No. NI is a tax the same as normal income tax. The amount you pay is not ring fenced for your pension or any other benefit entitlement. They are based on how many months of contribution you make, not the actual amount, so thinking about it, being paid 6 months in one go, rather than say a smaller amount per month for six months, means you've lost 5 months of contributions. Hmmm
JellyBabiesSaveLives · 21/10/2021 23:05

NI is an outdated system. They should abolish it and increase the tax rates, but they won’t.

If you have two part-time jobs, you pay less NI because you can earn 184 a week in each job before you pay NI.

Tiredtiredtired100 · 21/10/2021 23:12

@GrandTheftWalrus so £100 a year every year that you work.

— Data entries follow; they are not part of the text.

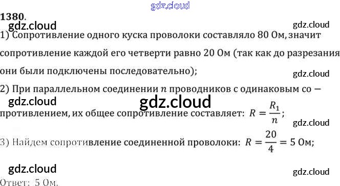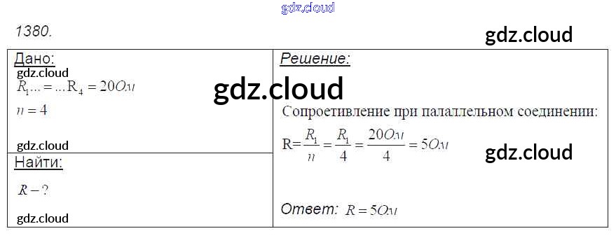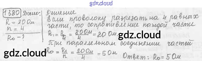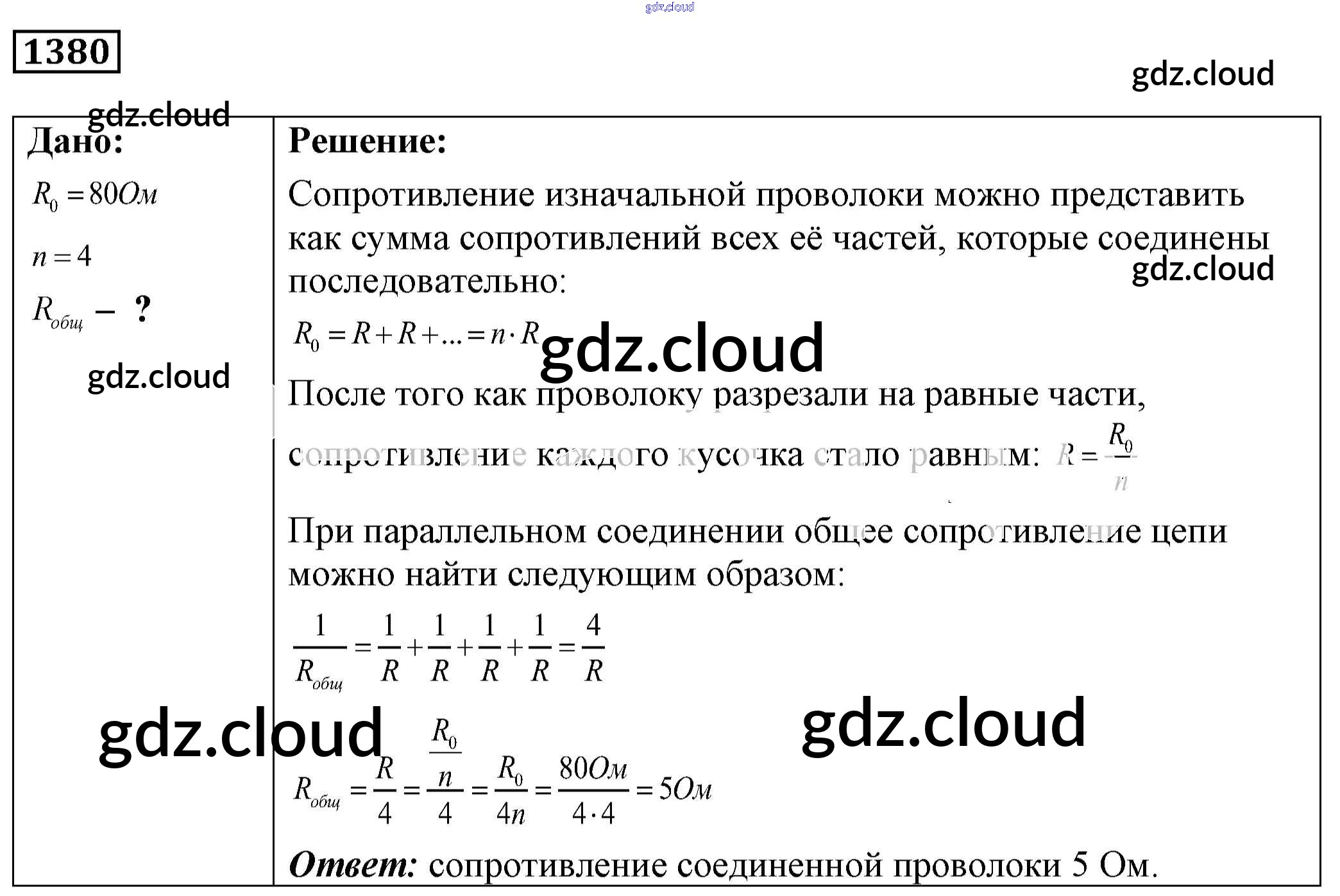 Ответ на задание 1380 Сборник задач Физика за 7, 8, 9 (седьмой, восьмой, девятый) класс Лукашик, Иванова 2011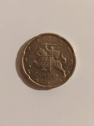 Moneda de 20 céntimos de Lituania del año 2015. - Diseño de Vytis (el jinete). - Borde con estrellas y el nombre del país. - Año de acuñación: 2015. Dispongo de más monedas y billetes en mi perfil, hago lotes.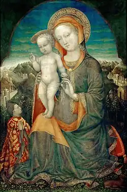 Many of his greatest works, including the enormous Crucifixion in the cathedral of Verona (1436), have disappeared. From c. 1430 is the panel with Madonna and Child, in the Accademia Carrara, once attributed to Gentile da Fabriano. In 1441, at Ferrara, where he was at the service of Leonello d'Este together with Leon Battista Alberti, he executed a portrait of that Marquess, now lost. Of this period survives the Madonna dell'Umiltà, probably commissioned by one of the brothers of Leonello.[2]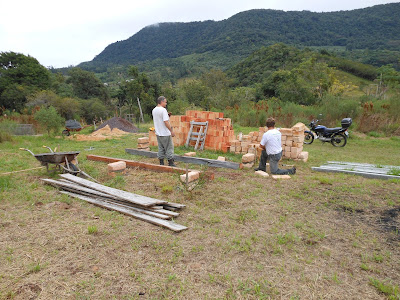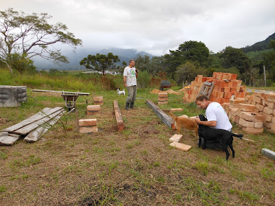 Leonardo está se divertindo com a função da pecinha, que chamo de barraquinho. Estamos fazendo ela ao lado de onde pretendemos, um dia, construir a nossa casinha dos sonhos. A ideia era fazer uma coisa bem simples mas Leonardo está se empolgando e inventando moda. Vamos ver no que vai dar.

To me it’s just not fair that you pay more for “perk” of being a zero-hours worker when someone on a permanent contract pays less and also gets better sick pay, maternity benefits etc.

OP posts:
Tiredtiredtired100 · 21/10/2021 23:13

@JellyBabiesSaveLives I agree, but if they’re not going to abolish it they should at least make it fair.

OP posts:
HowToMurderYourLife · 21/10/2021 23:22

You're bang on @Tiredtiredtired100 but most people seem unable to understand it. I've noticed that my NHS (below inflation) "payrises" always paid and backdated about 6 months into the relevant year. The extra NI on a workforce as large as the NHS must be a significant sum.

In the past my NI was calculated wrongly, it is virtually impossible to get back. Once the money is paid you are out of luck and pocket.

But someone here will know someone who thinks zero hours contracts are great so screwing over many workers is only fair

GrandTheftWalrus · 22/10/2021 07:35

I'm on maternity leave right now and I'm getting the exact same as I did when I worked full time when I had my older dd. 6 weeks 90% pay then the rest smp with the last 3 months unpaid.

I know however I am lucky as a friend hadn't worked enough and only got maternity allowance for 6 months. Another friend isn't getting anything.